***** Dataset extract *****
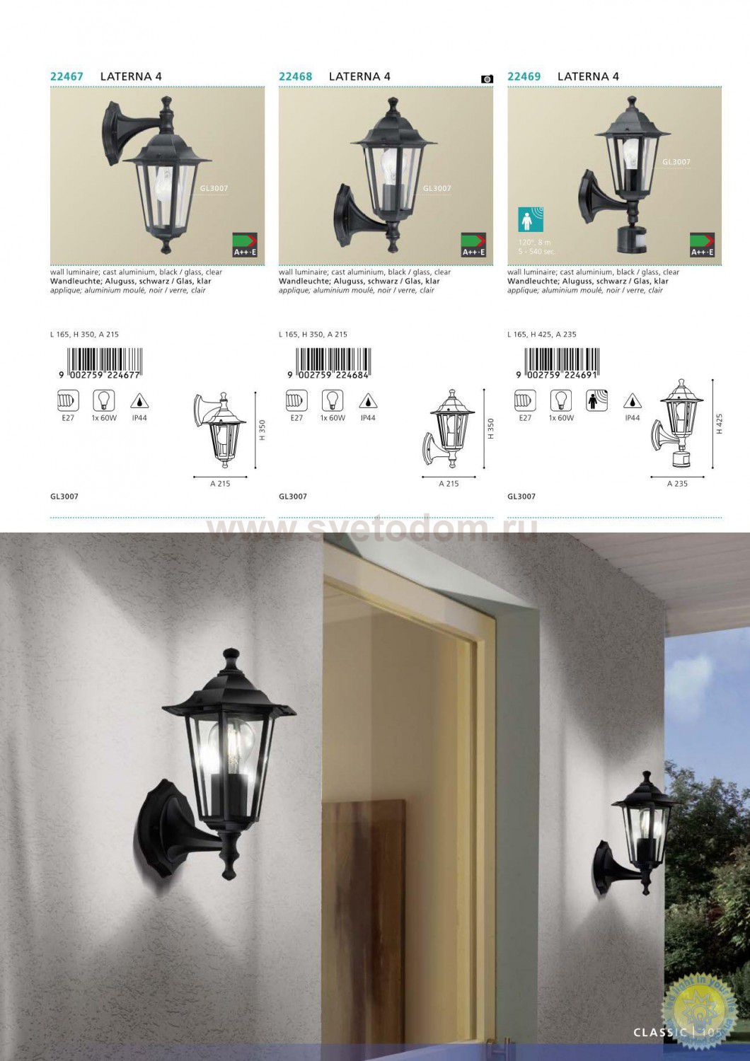 Есть Отзывы Светильник уличный Eglo 22467 LATERNA 4Пока нет отзывов об этом товаре, напишите и он обязательно появится после модерации! Оставить свой отзывПохожие товары Другие товары магазина Фото
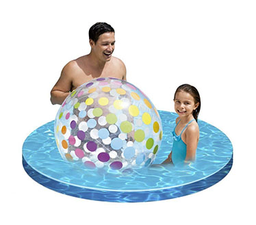 توپ بادی بزرگ اینتکس با طراحی توپی یکی از زیبا ترین و دلنشین ترین اسباب بازی های بادی کودکان می باشد که برای آن ها بسیار سرگرم کننده و جذاب می باشد . این توپ بادی دارای بدنه رنگی بسیار شاد و هیجان انگیز می باشد که چشم هر کودکی را به خود جلب می نماید که در تمامی محیط ها و حتی بر روی سطح آب قابل بازی و سرگرمی می باشد. این توپ بادی بزرگ دارای قطر 183 سانتی متری بوده که برای بازی کودکان بالای 2 سال مناسب می باشد و علاوه بر کودکان برای بازی دسته جمعی بزرگ سالان بر روی زمین و آب بسیار سرگرم کننده بوده است. این توپ بادی دارای جنس بدنه پی وی سی شفاف با توپ های رنگی رنگی می باشد که از رنگ های متفاوتی دور تا دور این توپ قرار گرفته است که با راه اندازی این محصول بادی زیبایی و جلوه ای خاص دارد. این توپ بادی محصول ولی شده سال 2018 شرکت اینتکس بوده که از ضخامت لایه ای مناسب با مقاومت لازم بهره می برد. این توپ بادی با طراحی شاد و دوست داشتنی تفریح و سرگرمی کاملا ایمن با جنس بدنه عالی و ضد حساسیت برای کودکان می باشد که دارای وزن 1 کیلوگرمی کاملا سبک و کم جا بوده و قابل حمل و جا به جایی بسیار راحتی می باشد و توسط برند معتبر اینتکس تولید شده است. برای خرید توپ های بادی کودکان با طرح ها ورنگ های خاص با نمایندگی محصولات بادی تماس حاصل فرمایید.
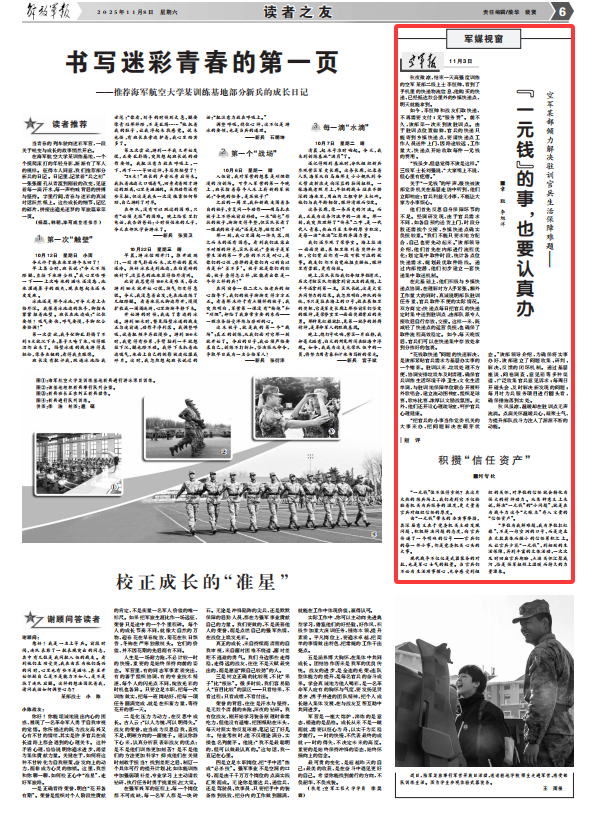 由“一元钱”带来的办实事举措,其深层意义在于党委机关主动发现问题、积极解决问题的态度,向官兵传递了一个明确的信号——官兵们的每一件小事,都是党委机关心头的大事。
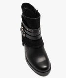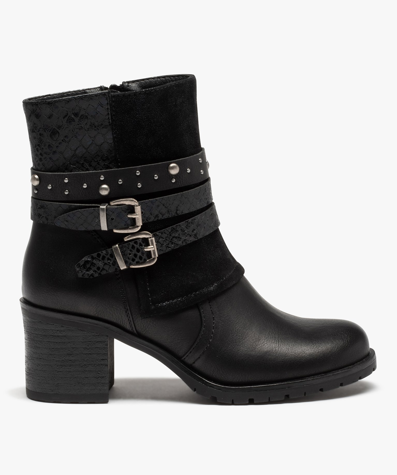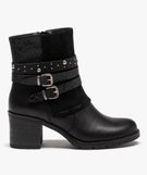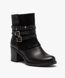 Boots femme à talon large et brides décoratives noir
*****
## Brief
Write out the whole of the data exactly; the pictures stay out.

## Output for this exercise
 Есть Отзывы Светильник уличный Eglo 22467 LATERNA 4Пока нет отзывов об этом товаре, напишите и он обязательно появится после модерации! Оставить свой отзывПохожие товары Другие товары магазина Фото
 توپ بادی بزرگ اینتکس با طراحی توپی یکی از زیبا ترین و دلنشین ترین اسباب بازی های بادی کودکان می باشد که برای آن ها بسیار سرگرم کننده و جذاب می باشد . این توپ بادی دارای بدنه رنگی بسیار شاد و هیجان انگیز می باشد که چشم هر کودکی را به خود جلب می نماید که در تمامی محیط ها و حتی بر روی سطح آب قابل بازی و سرگرمی می باشد. این توپ بادی بزرگ دارای قطر 183 سانتی متری بوده که برای بازی کودکان بالای 2 سال مناسب می باشد و علاوه بر کودکان برای بازی دسته جمعی بزرگ سالان بر روی زمین و آب بسیار سرگرم کننده بوده است. این توپ بادی دارای جنس بدنه پی وی سی شفاف با توپ های رنگی رنگی می باشد که از رنگ های متفاوتی دور تا دور این توپ قرار گرفته است که با راه اندازی این محصول بادی زیبایی و جلوه ای خاص دارد. این توپ بادی محصول ولی شده سال 2018 شرکت اینتکس بوده که از ضخامت لایه ای مناسب با مقاومت لازم بهره می برد. این توپ بادی با طراحی شاد و دوست داشتنی تفریح و سرگرمی کاملا ایمن با جنس بدنه عالی و ضد حساسیت برای کودکان می باشد که دارای وزن 1 کیلوگرمی کاملا سبک و کم جا بوده و قابل حمل و جا به جایی بسیار راحتی می باشد و توسط برند معتبر اینتکس تولید شده است. برای خرید توپ های بادی کودکان با طرح ها ورنگ های خاص با نمایندگی محصولات بادی تماس حاصل فرمایید.
 由“一元钱”带来的办实事举措,其深层意义在于党委机关主动发现问题、积极解决问题的态度,向官兵传递了一个明确的信号——官兵们的每一件小事,都是党委机关心头的大事。
 Boots femme à talon large et brides décoratives noir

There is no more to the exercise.